Health Policy and Management, DeGroote School of Business, McMaster University, Burlington, ON L7L 5R8, Canada.
Dalla Lana School of Public Health, University of Toronto, Toronto, ON L8S 4L8, Canada.
Curr Oncol. 2022 Apr 2;29(4):2483-2489. doi: 10.3390/curroncol29040202.
Traditionally, economic evaluations are based on clinical trials with well-defined patient populations that exclude many patient types. By contrast, studies that incorporate general patient populations end up including those in lower income categories, some of whom have significant financial burdens (often described as financial toxicity) related to their care. Consideration of these patient burdens when examining the incremental cost-effectiveness of newer treatments from a clinical trial perspective can result in differing conclusions regarding cost-effectiveness. The challenge is to reliably assess the link between financial toxicity, quality of life and potential decisions to forego or delay care. It is also well-documented that these financial effects are not evenly distributed across populations, with those with low income and of black or Latino decent being most affected. There is a paucity of literature in this space, but some of the early work has suggested that for lung, breast, colorectal and ovarian cancers there are poorer quality-of-life scores and/or shorter overall survival for those experiencing financial toxicity. Hence, we may see both a lower quality of life and a shorter duration of life for these populations. If this is the case, additional considerations include: are the benefits of newer, more-expensive treatment strategies muted by the lack of adherence to these newer treatments due to financial concerns, and, if true, can these effects be effectively quantified as "real-world" outcomes? This rapid review examines these possibilities and the steps that may be required to examine this reliably.

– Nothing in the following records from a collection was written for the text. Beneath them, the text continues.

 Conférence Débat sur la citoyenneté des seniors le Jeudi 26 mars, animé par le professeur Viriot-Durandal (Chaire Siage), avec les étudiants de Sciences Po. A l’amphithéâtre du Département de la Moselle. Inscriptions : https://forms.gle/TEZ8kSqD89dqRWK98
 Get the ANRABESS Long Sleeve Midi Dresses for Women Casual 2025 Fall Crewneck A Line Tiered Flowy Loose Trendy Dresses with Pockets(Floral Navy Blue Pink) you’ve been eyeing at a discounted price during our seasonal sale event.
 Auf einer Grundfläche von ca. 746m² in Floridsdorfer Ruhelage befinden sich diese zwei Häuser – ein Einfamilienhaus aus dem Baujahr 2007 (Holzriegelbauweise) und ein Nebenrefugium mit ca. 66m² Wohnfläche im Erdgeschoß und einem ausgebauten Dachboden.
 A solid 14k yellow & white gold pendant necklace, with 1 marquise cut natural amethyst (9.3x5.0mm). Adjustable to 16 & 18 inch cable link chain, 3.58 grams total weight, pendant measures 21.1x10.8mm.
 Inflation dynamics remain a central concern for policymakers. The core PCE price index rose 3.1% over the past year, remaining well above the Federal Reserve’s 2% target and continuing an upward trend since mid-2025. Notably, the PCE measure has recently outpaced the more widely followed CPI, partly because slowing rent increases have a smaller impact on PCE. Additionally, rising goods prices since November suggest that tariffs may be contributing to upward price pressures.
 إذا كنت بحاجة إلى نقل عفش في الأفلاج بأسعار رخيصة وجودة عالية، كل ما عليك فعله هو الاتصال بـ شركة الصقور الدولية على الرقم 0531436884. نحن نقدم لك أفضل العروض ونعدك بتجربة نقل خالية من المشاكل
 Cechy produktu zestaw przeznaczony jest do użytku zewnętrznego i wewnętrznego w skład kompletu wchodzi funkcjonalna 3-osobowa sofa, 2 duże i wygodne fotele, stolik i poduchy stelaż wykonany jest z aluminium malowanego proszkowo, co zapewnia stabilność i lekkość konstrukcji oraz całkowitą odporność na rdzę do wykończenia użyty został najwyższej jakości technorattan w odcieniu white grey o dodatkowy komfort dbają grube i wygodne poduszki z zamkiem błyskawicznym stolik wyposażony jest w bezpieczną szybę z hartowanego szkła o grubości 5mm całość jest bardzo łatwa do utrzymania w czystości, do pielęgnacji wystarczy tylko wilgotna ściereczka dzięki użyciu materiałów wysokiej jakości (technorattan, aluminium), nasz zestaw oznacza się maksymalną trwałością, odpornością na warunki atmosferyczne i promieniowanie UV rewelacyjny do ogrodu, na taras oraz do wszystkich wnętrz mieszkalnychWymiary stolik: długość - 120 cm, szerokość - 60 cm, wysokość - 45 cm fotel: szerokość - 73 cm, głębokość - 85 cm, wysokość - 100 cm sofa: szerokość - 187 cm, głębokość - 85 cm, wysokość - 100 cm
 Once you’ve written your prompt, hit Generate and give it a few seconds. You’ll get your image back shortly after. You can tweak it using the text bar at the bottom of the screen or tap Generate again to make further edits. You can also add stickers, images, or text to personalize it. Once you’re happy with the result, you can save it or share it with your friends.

传统上,经济评估基于具有明确患者群体的临床试验,这些试验排除了许多患者类型。相比之下,纳入一般患者群体的研究最终会包括收入较低的患者,其中一些人因治疗而承受着巨大的经济负担(通常被描述为财务毒性)。从临床试验的角度考虑这些患者负担,可能会对新治疗方法的增量成本效益产生不同的结论。挑战在于可靠地评估财务毒性、生活质量与潜在放弃或延迟治疗的决策之间的联系。也有充分的文献记载表明,这些经济影响在人群中分布不均,收入较低、黑人和拉丁裔人群受影响最大。在这个领域,文献相对较少,但一些早期的研究表明,对于肺癌、乳腺癌、结直肠癌和卵巢癌,经历财务毒性的患者生活质量评分较低,或总体生存率较短。因此,我们可能会看到这些人群的生活质量降低,寿命缩短。如果是这样,还需要额外考虑:由于财务问题导致对新的、更昂贵的治疗策略的依从性降低,是否会削弱这些新治疗策略的收益,而如果是这样,这些影响是否可以作为“真实世界”的结果进行有效量化?本快速综述探讨了这些可能性,以及为可靠地评估这些可能性可能需要采取的步骤。